I felt my English improved a lot with this method and because of that, I have become more confident to talk to people and have more chances to make friends with American friends or friends from other countries.
The most important thing I found in the struggle to fit in and make friends in this foreign country is to keep being myself.
Don’t tailor yourself ruthlessly to others’ likings and most importantly, don’t make up interests or hobbies out of fears that you don’t have a lot of things in common with other people. Because even though you might have more friends by doing this, you would have become a totally different person along the way and this won’t make you happy at the end of the day.

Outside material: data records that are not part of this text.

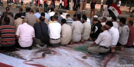 После ночи молитв и политических речей на рассвете демонстранты начали выкрикивать лозунги, протестуя против угроз их разогнать.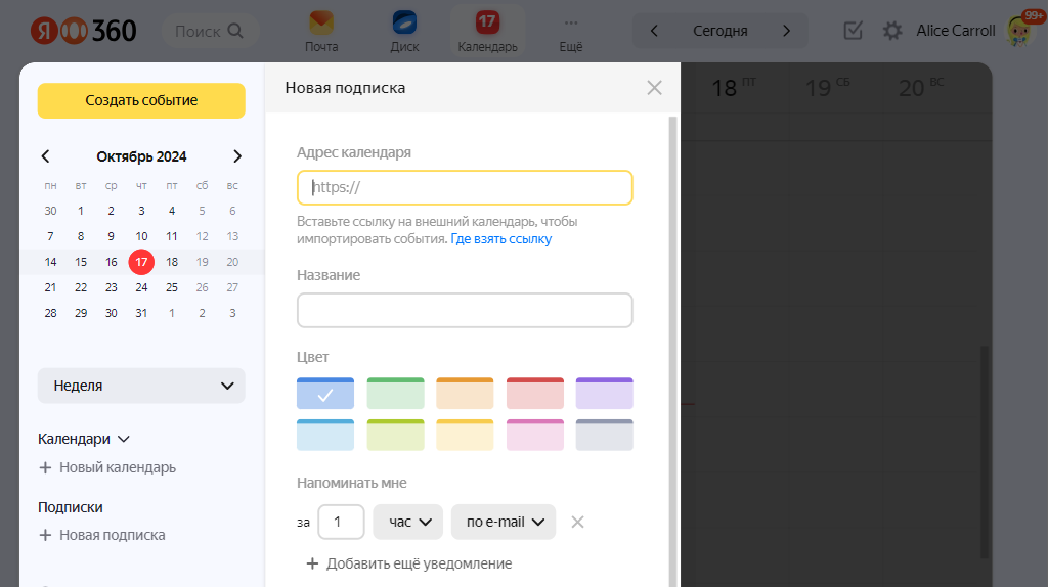 Boshqa manbada taqvimdagi o‘zgarishlarga obuna bo‘lishingiz mumkin. Yandex Taqvimda boshqa taqvimdagi barcha tadbirlarni ko‘rasiz, lekin ularni o‘zgartirish yoki yangisini yaratish imkonsiz.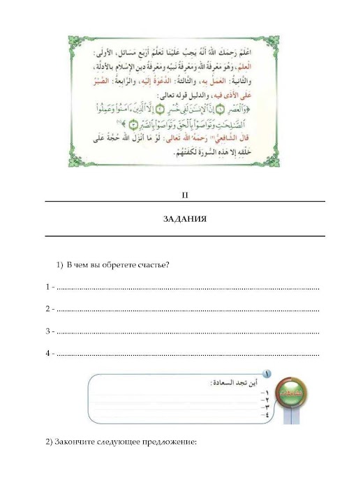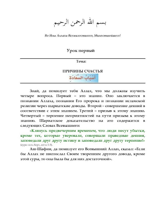 This manual is dedicated to the main and most important pillar of Islam - monotheism. The uniqueness and novelty of the benefits is that for the first time in Russian it is addressed to children and their parents. The purpose of benefits, calculated for six years of study lies in the formation of the children the basics of Tawheed and creed. Structurally, each book allowance consists of lessons, containing the main text of the topic, thesaurus, comments, practical exercises and tasks for repetition. Since the Russian translation accompanied by a parallel Arabic text, manual material can be used to study the Arabic language as a system of additional training, or independently.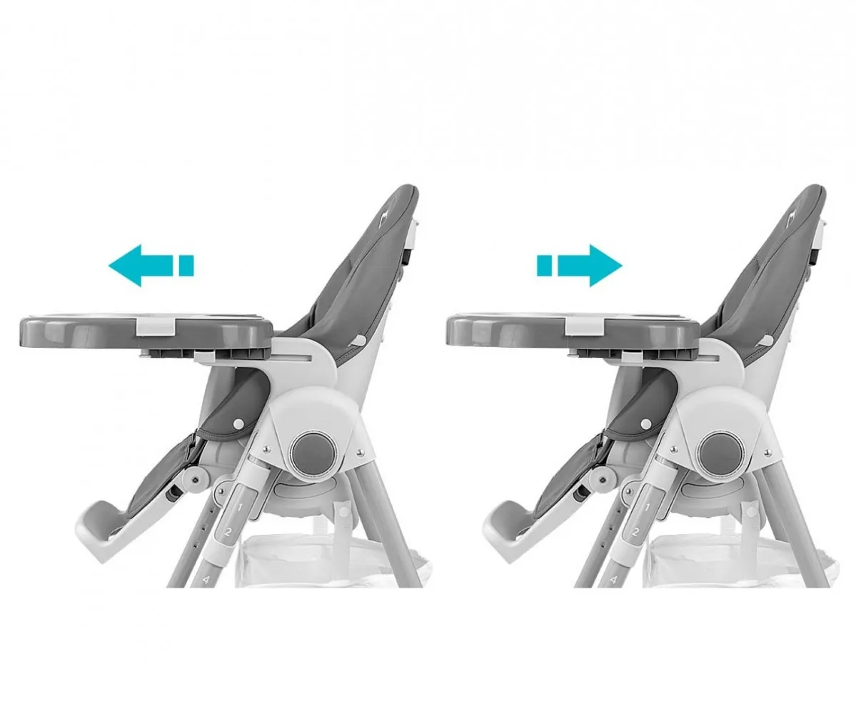 - Może być używane w pozycji leżącej, od 6 miesięcy jako krzesełko wysokie, a później (bez tacki) dosuwane do stołu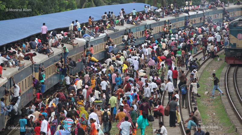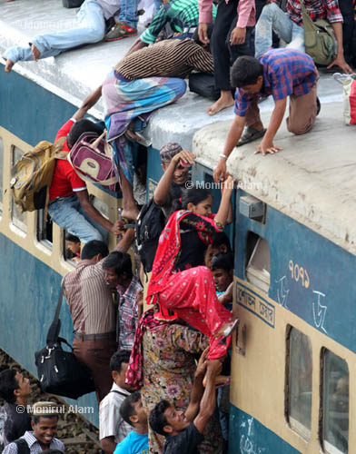 The commuter train will become form the Dhaka station and go to other district. On the station I look around a group of garment worker sit on the station platform and they are gossiping each other. I talked with them, one of garment workers Rehana Begum said, we are waiting for Dawangonj based train, we know inside the train full of passengers, we don’t have any other alternate way to go our village; so we prepared to ride on the train roofs for our Eid traveling- we are used too, that kind of journey.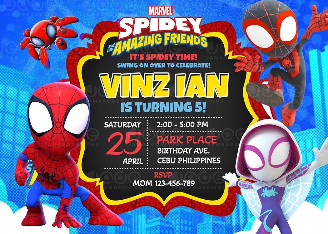 Don’t miss out on the opportunity to wow your guests with an eye-catching and creative invitation. Download the Canva Spidey and his amazing friends invitation template free today and start planning a superhero-themed party that your little one will never forget!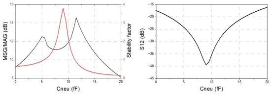 Equations (3) and (4) from Figure 4 show that capacitive neutralization can improve reverse isolation and gain [17]. Theoretically, the perfect isolation can be implemented as Cneu is equal to the Cgd.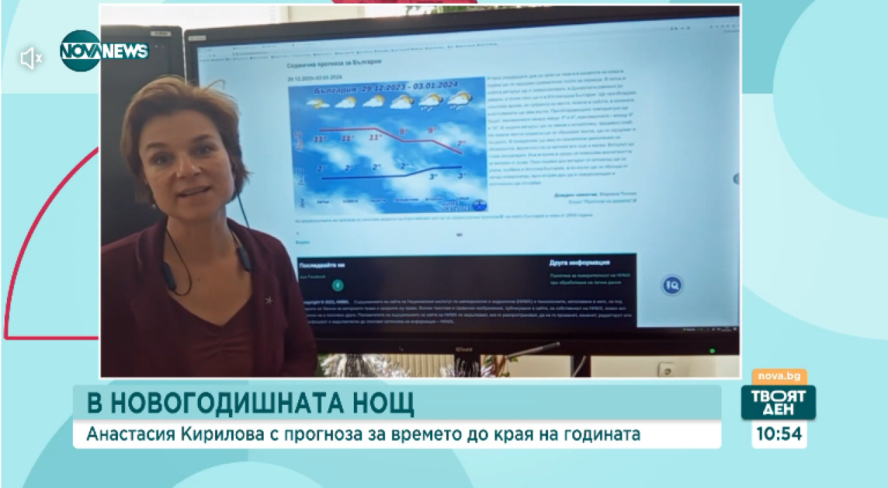 Времето през последните дни на годината ще бъде предимно слънчево. Сутрин в низините и котловините ще има мъгли. В югозападните райони ще бъде почти тихо. Температурите ще са от -1 до 14 градуса. В първите дни от новата година няма да има съществена промяна. Това каза синоптикът Анастасия Кирилова в ефира на предаването “Твоят ден” по NOVA NEWS.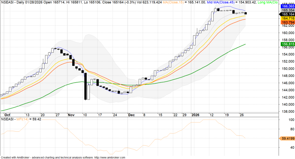 The Nigerian equities market extended its midweek pullback as sustained profit-taking across key stocks dampened investor sentiment and reversed gains recorded in prior sessions. The cautious mood reflected ongoing portfolio rebalancing by investors who are increasingly selective amid mixed global cues and near-term valuation concerns in some counters.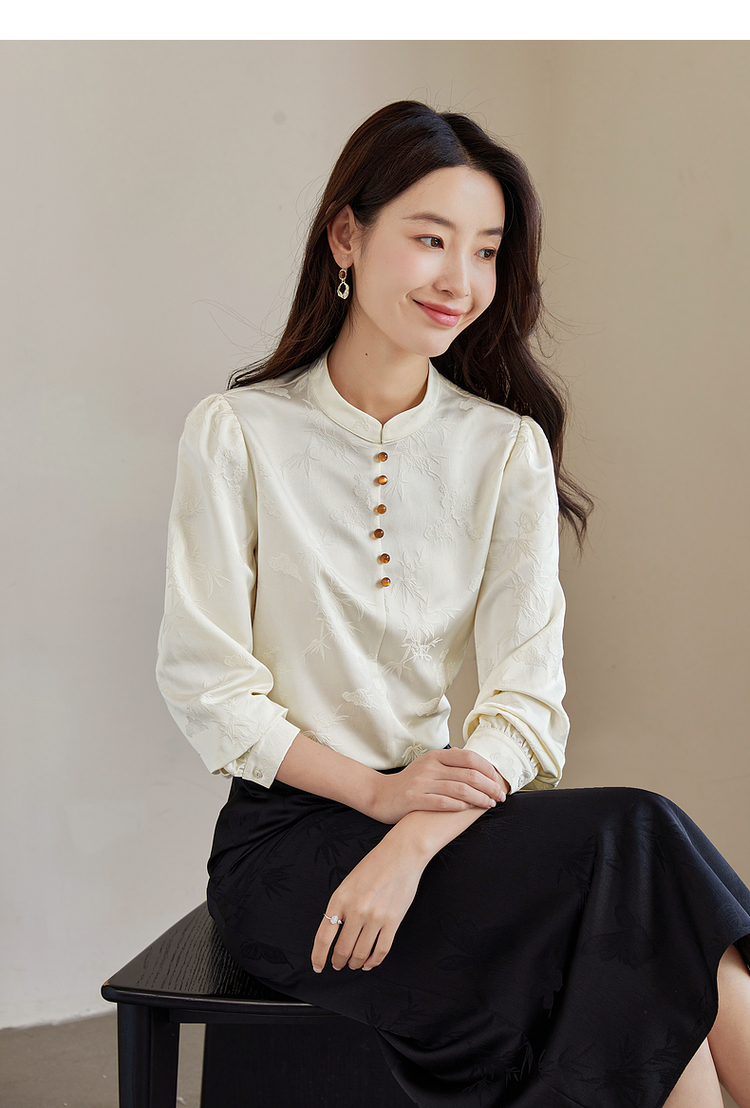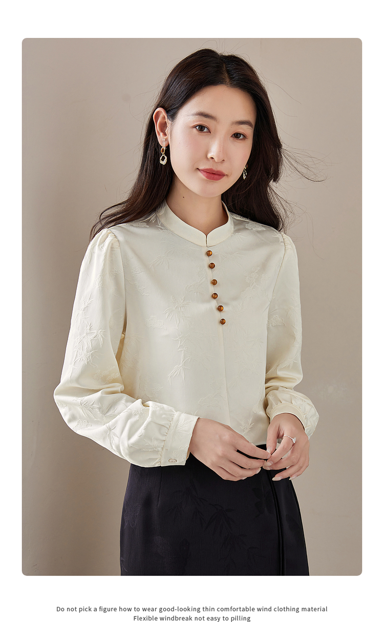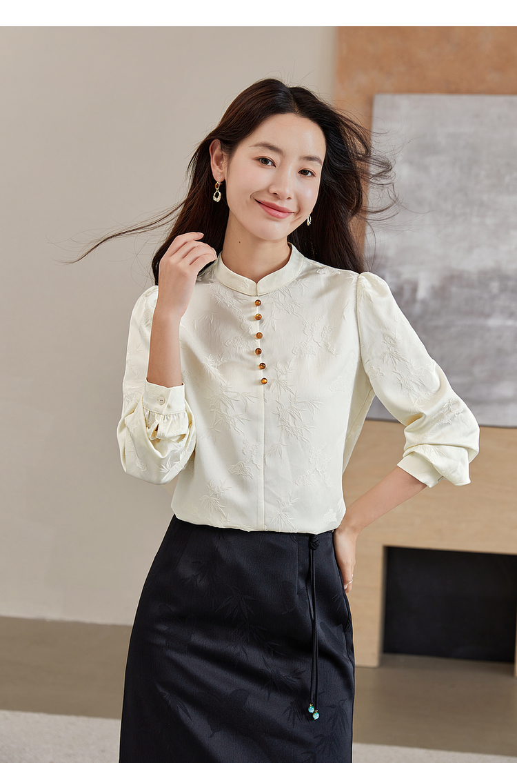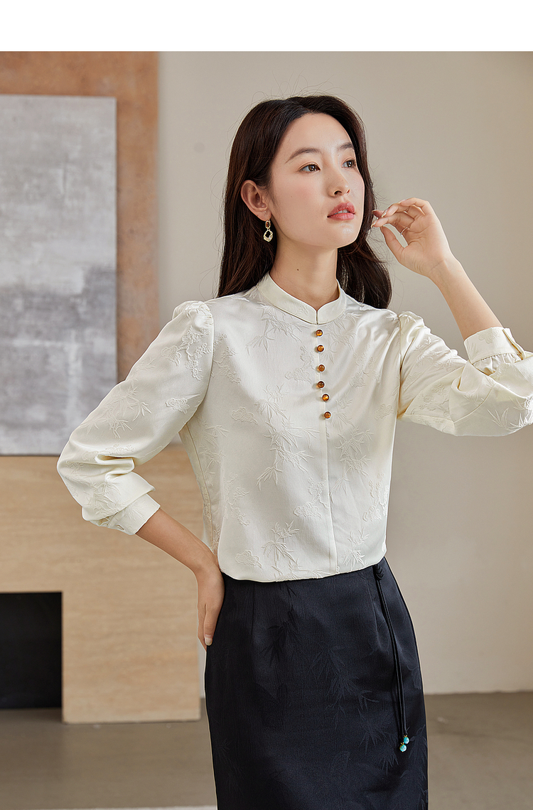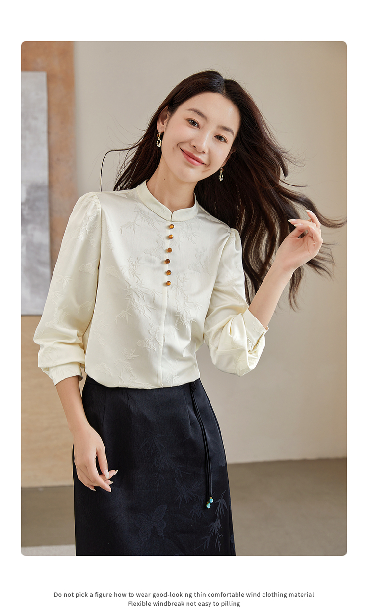 【年终特卖】熙世界竹梅暗纹提花新中式立领衬衫长袖春秋新款国风马面裙上衣

Yunjia, now in her new apartment closer to school so she could meet with friends outside classes more often. Photo: Suhra Nahib
It’s great to have some close local friends, but it’s also OK if you don’t have any. Being alone doesn’t mean you are not a nice person there is no need to try to make friends with someone who doesn’t fit you at all.
Just do it!
Some people, like me, might not know how to approach students of different nationalities, worrying about the big cultural differences.
Although the culture difference is huge, but we are humans and we share common feelings. If you don’t know how to talk to Americans, use the same way you talk to people at home. In most cases, it works.
Keep in mind that we are all human beings and we might have similar interests and hobbies. Be friendly and helpful to people around you, and they will respond the same way.